Manhattan Office Leasing Posts Best Performance Since 2019

Barchart · 01/07 13:02

Manhattan office leasing in 2024 posted its best performance since before the pandemic, Avison Young and JLL said in separate year-end reports. A key factor was the increase in large-block leasing activity, with the 44 transactions of 100,000 square feet or more auguring well for 2025, according to Avison Young. JLL put the large-block tally at greater than 50 for the year.

Both services firms cited year-over-year decreases in empty office space.
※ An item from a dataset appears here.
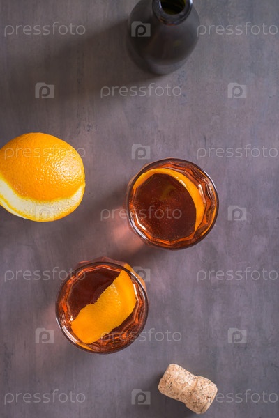 Холодный коктейль Negroni Sbagliato с ликером, вермутом и апельсином в бокалах сверху и по вертикали
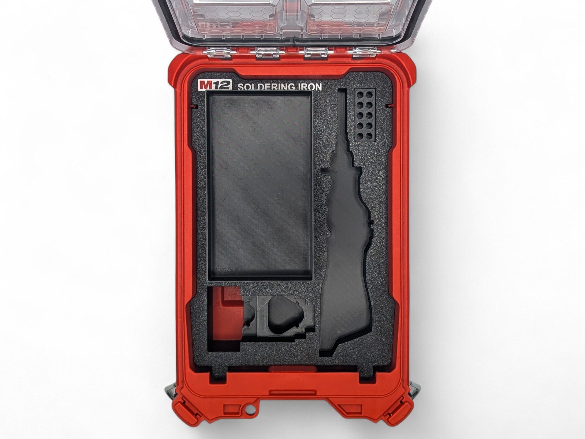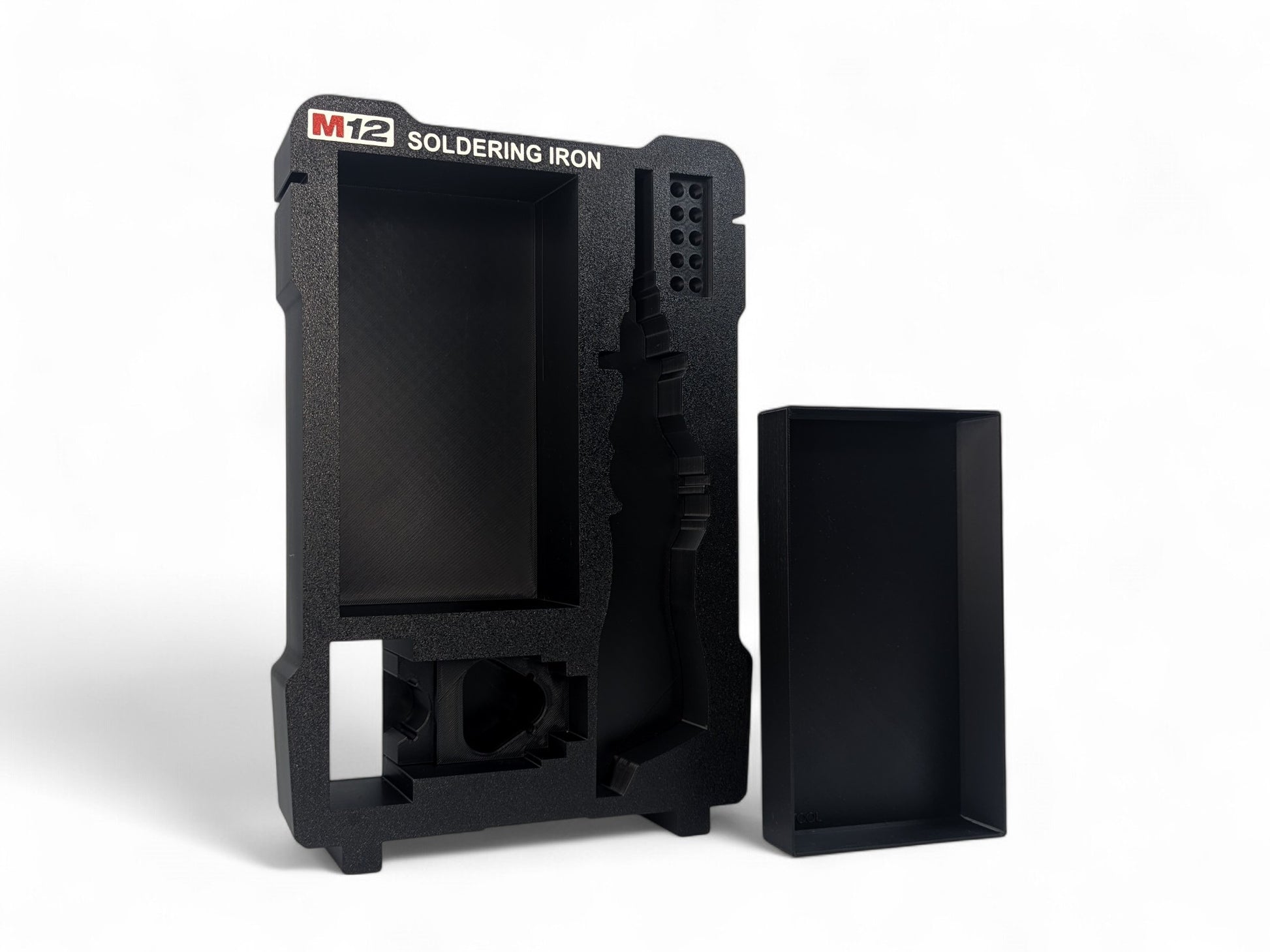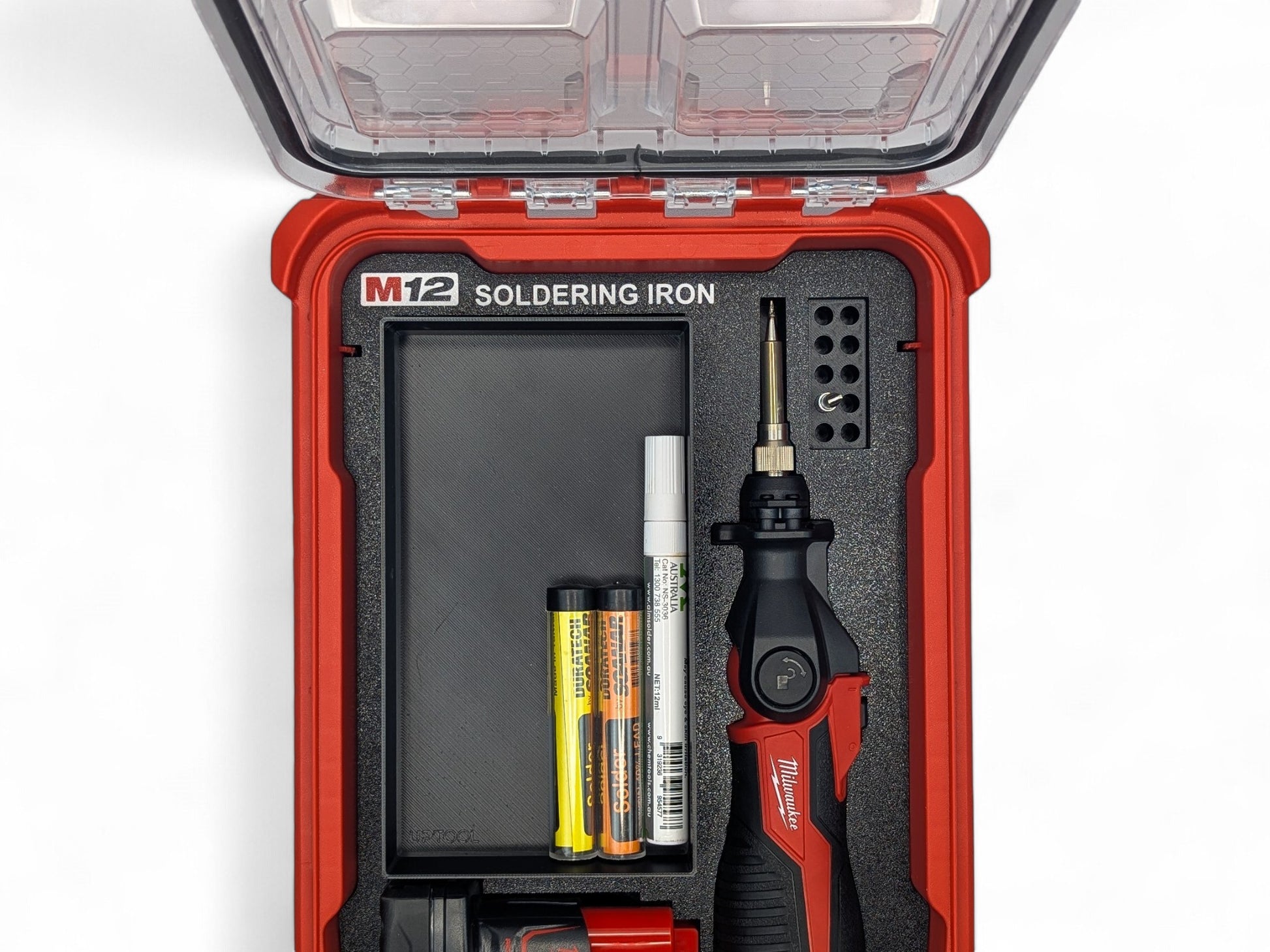 Personalize your Milwaukee Packout with the M12 Soldering Iron Insert to suit the Compact Organizer. Each individual accessory that is supplied with the tool is meticulously modeled into the 3d print ensuring a snug fit keeping your tools and accessories secure. Also includes our Dual M12 Battery design allowing flexibility in battery storage in your insert. Removal of Soldering Iron Skin can be done via the battery connection or LED shroud. Printed in PETG for a more durable product.

JLL reported a 60-basis-point decrease in vacancy to 16.2%, while Avison Young cited a 180-bp decline in the availability rate, encompassing both direct and sublet space.

Looking ahead to 2025 and beyond, Avison Young noted that banking, finance, insurance & real estate tenants account for 41.8% of expiring leases by square footage among major office-using industries between now and 2030, totaling 42.5 million square feet. The next largest share of lease expirations is media & PR tenants at 15.4%, totaling 15.6 million square feet.

Top-tier properties are likely to see the lion’s share of interest, according to JLL’s Monthly Market Snapshot for January. “Leasing activity is likely to be concentrated at the top of the market,” JLL reported. “With no significant amount of new construction on the horizon, this demand will spill over to high-quality Class A buildings, increasing competition—and pricing—for these spaces.”

Pictured: 919 Third Ave., where Bloomberg LP renewed and expanded to more than 900,000 square feet.